Marr and Hildreth took the second-derivative route instead. Their operator is the Laplacian of Gaussian,

$\nabla^2 G_\sigma = \frac{\partial^2 G_\sigma}{\partial x^2} + \frac{\partial^2 G_\sigma}{\partial y^2},$

and edges are the zero crossings of $\nabla^2 G_\sigma * I$ . An edge is a peak in the first derivative, which is the same as a zero crossing in the second derivative, so both schools are looking at the same cliff from two sides of the calculus.

Key takeaways

An edge is a steep gradient. Brightness changing sharply over a short distance is the entire signal; everything else can be thrown away with surprisingly little loss of meaning.
The gradient has a magnitude and a direction. $|\nabla I| = \sqrt{G_x^2 + G_y^2}$ says how strong the edge is; $\theta = \operatorname{atan2}(G_y, G_x)$ says which way it faces.
Sobel estimates the slope by convolution. Two zero-sum 3×3 kernels difference across the edge while averaging along it, so flat regions vanish and only change survives.
Canny turns evidence into a verdict. Blur, gradient, non-maximum suppression, double threshold, and hysteresis together catch real edges, place them precisely, and mark each one exactly once.
Thresholds are a trade-off, not a setting. Too low drowns you in noise, too high erases real boundaries; hysteresis softens the choice by linking weak edges to strong neighbors.

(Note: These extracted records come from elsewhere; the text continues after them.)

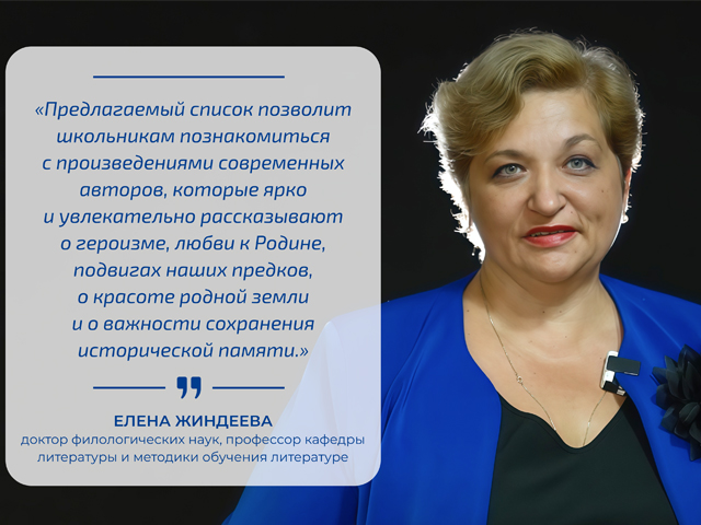 «Инициатива Минпросвещения по формированию списка патриотической литературы для внеклассного чтения является своевременной и крайне важной», – подчеркивает Елена Жиндеева, доктор филологических наук, профессор кафедры литературы и методики обучения литературе. - Литература всегда играла ключевую роль в формировании мировоззрения, духовных ценностей и патриотических чувств у молодежи. Предлагаемый список позволит школьникам познакомиться с произведениями современных авторов, которые ярко и увлекательно рассказывают о героизме, любви к Родине, подвигах наших предков, о красоте родной земли и о важности сохранения исторической памяти. При этом важно, что список структурирован по возрастным категориям, что облегчает выбор литературы, соответствующей уровню восприятия и интересам школьников разного возраста. Задача учителей и библиотекарей – помочь детям сделать правильный выбор и организовать интересные обсуждения прочитанных книг».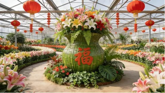 巨型花瓶饱满大气,红“福”字喜庆醒目。瓶中百合与花材喷薄而出,红灯笼高悬四周。瓶身圆融,寓意圆满;百合盛放,象征和合。元宵将近,这里许你一年福气。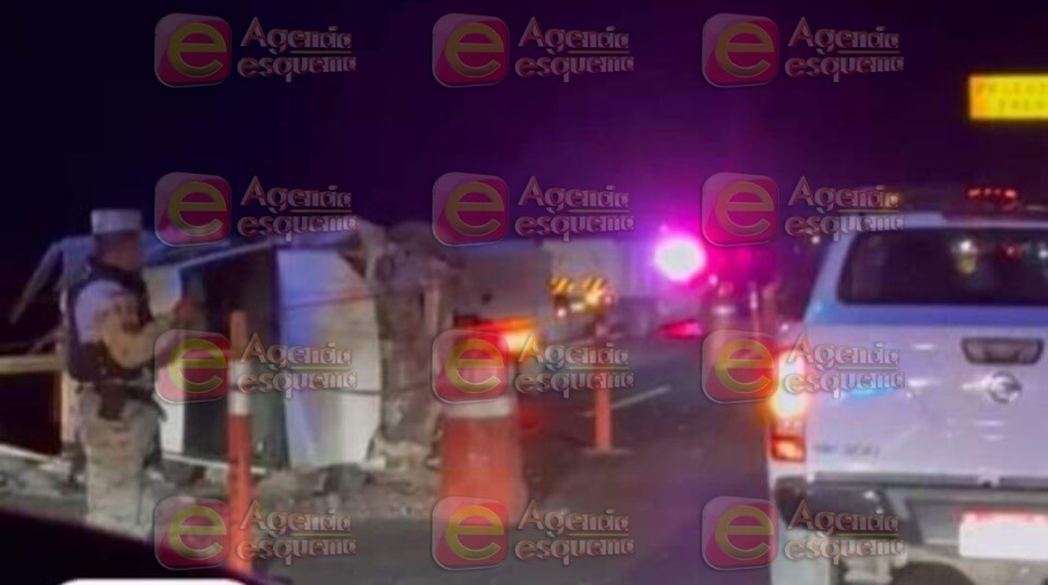 Los vehículos involucrados son una camioneta Nissan, estacas y una Urvan de color blanco, la cual volcó tras la brutal colisión.

Edge detection is, in the end, an act of forgetting done well. The girl with her flowers survives being reduced to a fistful of white lines because the lines were never decoration; they were where the meaning lived all along.

Every detector since, from Sobel's lab folklore to Canny's optimal criteria, is a refinement of one ancient instinct your own eyes obey before you are even aware of looking: find where the world changes, and there you will find its shape.